Han S Y, Park D Y, Park S D, Hong S H
School of Biological Sciences, Seoul National University, Seoul 151-742, Korea.
Biochem J. 2000 Nov 15;352 Pt 1(Pt 1):165-73.
In this study we show the interaction of N-ethylmaleimide-sensitive fusion protein (NSF) with a small GTP-binding protein, Rab6. NSF is an ATPase involved in the vesicular transport within eukaryotic cells. Using the yeast two-hybrid system, we have isolated new NSF-binding proteins from the rat lung cDNA library. One of them was Rab6, which is involved in the vesicular transport within the Golgi and trans-Golgi network as a Ras-like GTPase. We demonstrated that the N-terminal domain of NSF interacted with the C-terminal domain of Rab6, and these proteins were co-immunoprecipitated from the rat brain extract. This interaction was maintained preferentially in the presence of hydrolysable ATP. Recombinant NSF-His(6) can also bind to C-terminal Rab6-glutathione S-transferase under the conditions to allow the ATP hydrolysis. Surprisingly, Rab6 stimulates the ATPase activity of NSF by approx. 2-fold as does alpha-soluble NSF attachment protein receptor. Anti-Rab6 polyclonal antibodies significantly inhibited the Rab6-stimulated ATPase activity of NSF. Furthermore, we found that Rab3 and Rab4 can also associate with NSF and stimulate its ATPase activity. Taken together, we propose a model in which Rab can form an ATP hydrolysis-regulated complex with NSF, and function as a signalling molecule to deliver the signal of vesicle fusion through the interaction with NSF.

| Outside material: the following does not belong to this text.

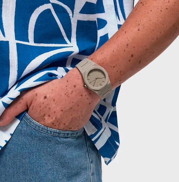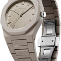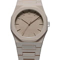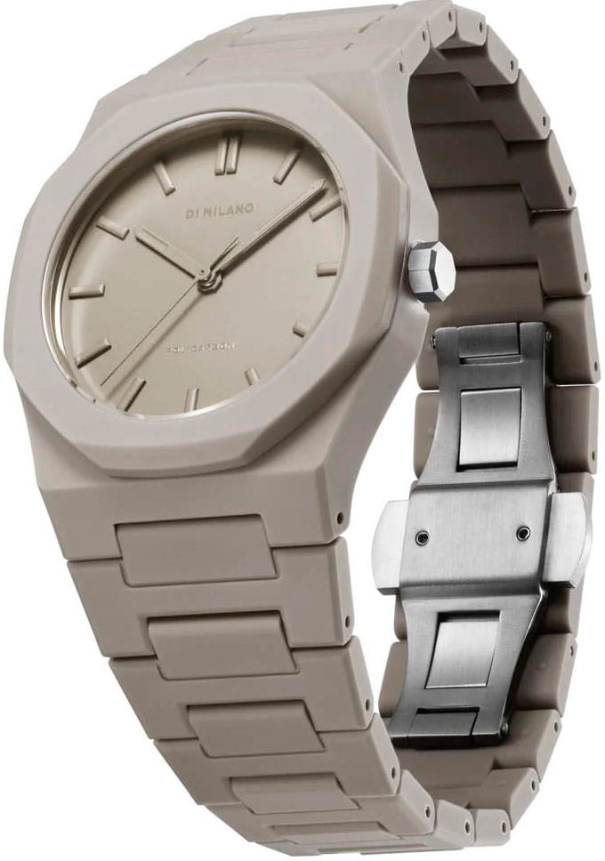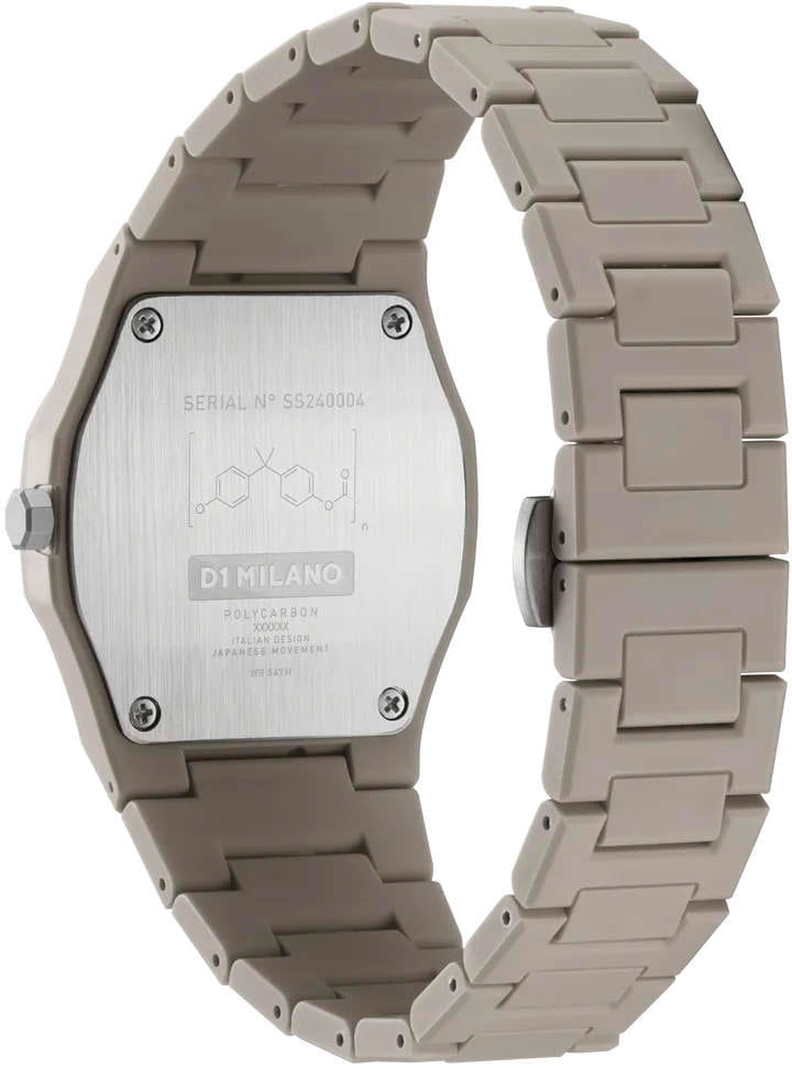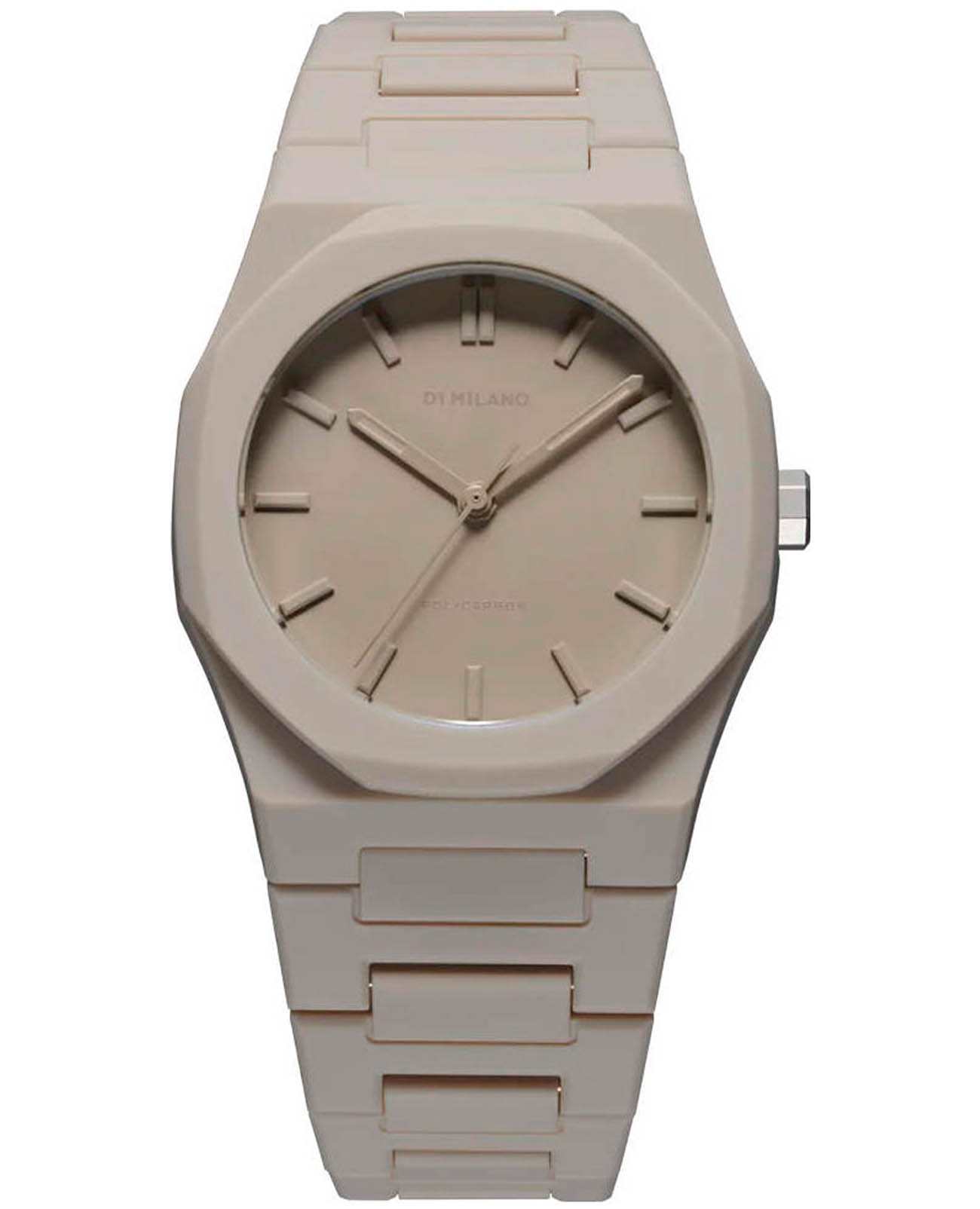 Часы D1 Milano Polycarbon PCBU06– молодежные часы в стиле унисекс для повседневных образов, стильные и комфортные.  Модель Ecru имеет бежевый корпус и браслет из поликарбоната с покрытием Софт-Тач. Циферблат лаконичный с индексами в виде штрихов, защищен минеральным стекломМинеральное стеклоМинеральное стекло представляет собой искусственно выращенный минерал кварца. Такое стекло отличается особой устойчивостью к повреждениям и царапинам. Уступает по некоторым качествам сапфировому стеклу. с антибликовым покрытием. Стальная задняя крышка на 4 винтах.  Пластиковый браслет на застёжке «бабочка» с кнопкамиЗастёжка "бабочка"Такой вид застёжки дополняется предохранителями, помогающими избежать случайного раскрытия браслета. Обладают изящным исполнением. .

在本研究中,我们展示了N - 乙基马来酰亚胺敏感融合蛋白(NSF)与一种小GTP结合蛋白Rab6的相互作用。NSF是一种参与真核细胞内囊泡运输的ATP酶。利用酵母双杂交系统,我们从大鼠肺cDNA文库中分离出了新的NSF结合蛋白。其中之一是Rab6,它作为一种类Ras GTP酶参与高尔基体和反式高尔基体网络内的囊泡运输。我们证明了NSF的N末端结构域与Rab6的C末端结构域相互作用,并且这些蛋白可从大鼠脑提取物中进行共免疫沉淀。这种相互作用在可水解ATP存在的情况下优先维持。重组NSF - His(6)在允许ATP水解的条件下也能与C末端Rab6 - 谷胱甘肽S - 转移酶结合。令人惊讶的是,Rab6刺激NSF的ATP酶活性约2倍,α - 可溶性NSF附着蛋白受体也有同样的效果。抗Rab6多克隆抗体显著抑制Rab6刺激的NSF的ATP酶活性。此外,我们发现Rab3和Rab4也能与NSF结合并刺激其ATP酶活性。综上所述,我们提出了一个模型,其中Rab可以与NSF形成一种受ATP水解调节的复合物,并作为一种信号分子,通过与NSF的相互作用传递囊泡融合信号。